* _What to do_: Could you output each line below precisely as it stands, without the images?

* _Data shown_:
┄┄┄┄┄┄┄┄┄┄

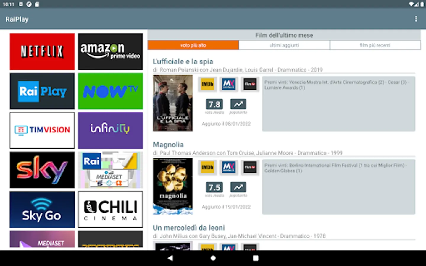 This App does not allow you to watch movies but is used to find out which are the best movies that can be seen on TV and on the main streaming channels.
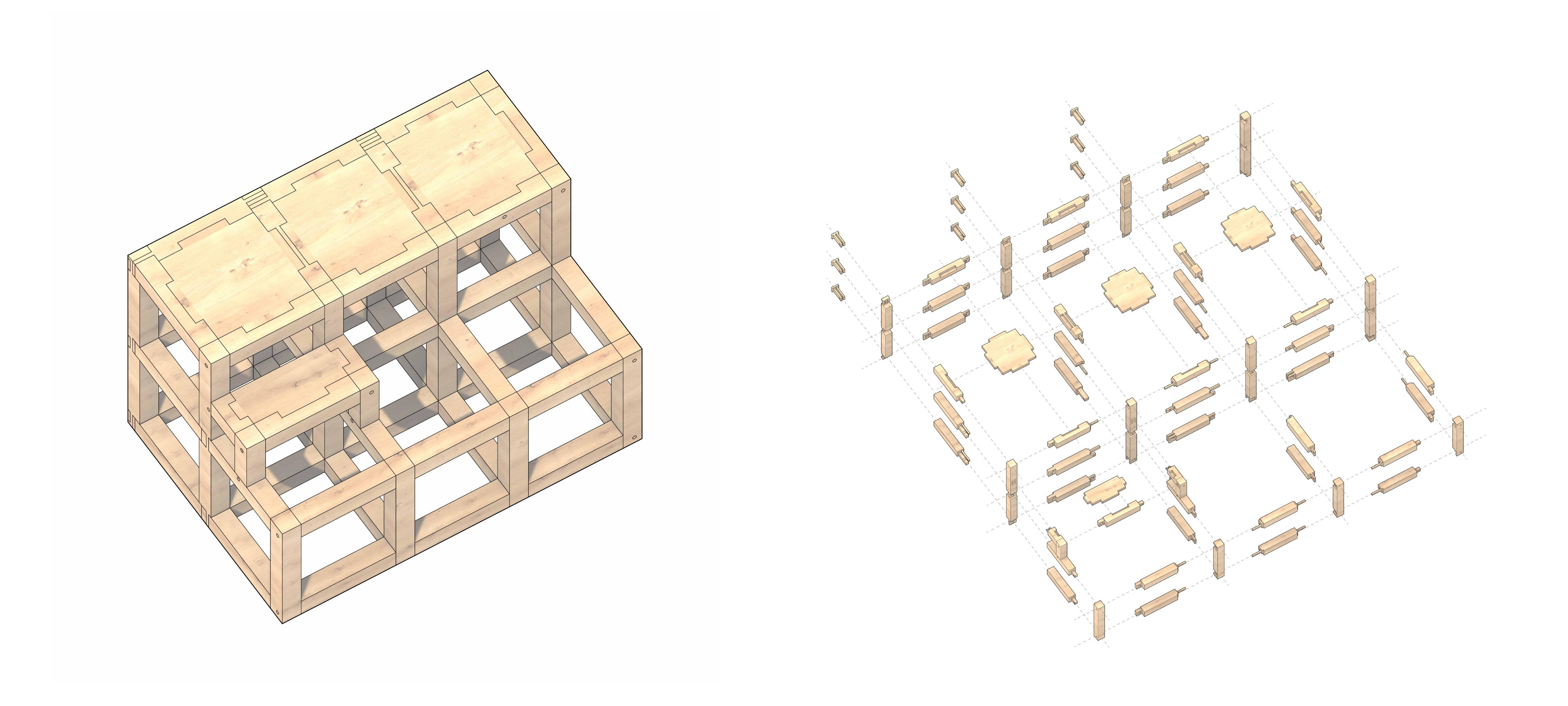 During the course of the project, the order of assembly emerged as a crucial factor in creating a new cohesive joint system. To achieve this, two main types of joints were developed, inspired by sampo-zashi on three sides and shiho-zashi joint on four sides. These joints were carefully incorporated into the design, resulting in a unique and durable structure.
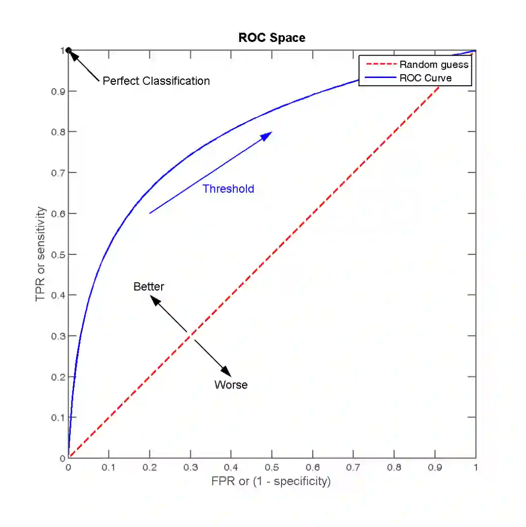 点(0,1):FPR=0, TPR=1,此时FN=0且FP=0,所有的样本都正确分类。

┄┄┄┄┄┄┄┄┄┄

* _Completed task_:
 This App does not allow you to watch movies but is used to find out which are the best movies that can be seen on TV and on the main streaming channels.
 During the course of the project, the order of assembly emerged as a crucial factor in creating a new cohesive joint system. To achieve this, two main types of joints were developed, inspired by sampo-zashi on three sides and shiho-zashi joint on four sides. These joints were carefully incorporated into the design, resulting in a unique and durable structure.
 点(0,1):FPR=0, TPR=1,此时FN=0且FP=0,所有的样本都正确分类。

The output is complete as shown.